Bolsonaro, a former paratrooper and an admirer of Donald Trump, took office in January 2019, using social media to portray himself as a corruption-busting anti-establishment maverick who had come to drain Brazil’s swamp.
Critics have long questioned that image, pointing to incessant accusations of low-level corruption and mafia ties that have dogged Bolsonaro’s family.
The anger appears to have spread across Brazil’s electorate in recent weeks, largely thanks to an unfolding scandal over allegedly corrupt Covid vaccine deals and Bolsonaro’s handling of the country’s Covid-19 outbreak, which has killed more than 530,000 people.
“This is Jair Bolsonaro’s worst moment. He’s melting and the idea people have of him is melting,” said Eliane Cantanhêde, a political columnist for O Estado de S Paulo, who said a congressional inquiry had laid bare the president’s “crass and preposterous” pandemic response.
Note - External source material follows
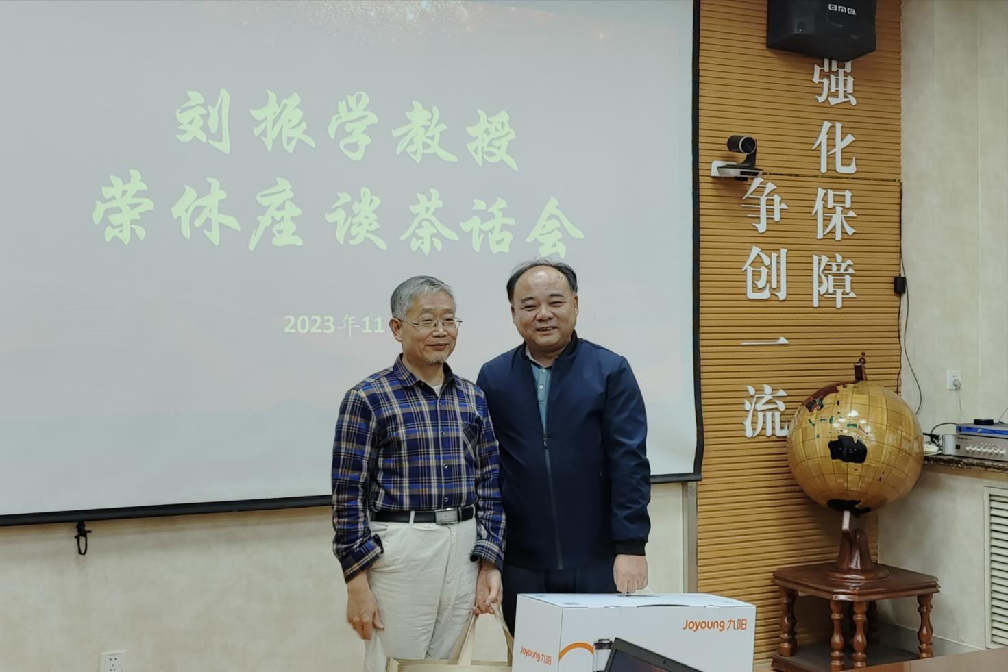 窦存增、吕宪俊分别向刘振学赠送了纪念品。

Another major newspaper, Folha de S Paulo, said on Saturday that Bolsonaro, who has faced a wave of recent protests, was suffering “a full-scale image meltdown”.
The newspaper’s polling division, Datafolha, said 54% of Brazilians thought he should be impeached, up from 49% in May, and 63% believed him incapable of governing, up from 58%.
Most voters considered their president “dishonest, insincere, incompetent, unprepared, indecisive, authoritarian and dim”, Folha said.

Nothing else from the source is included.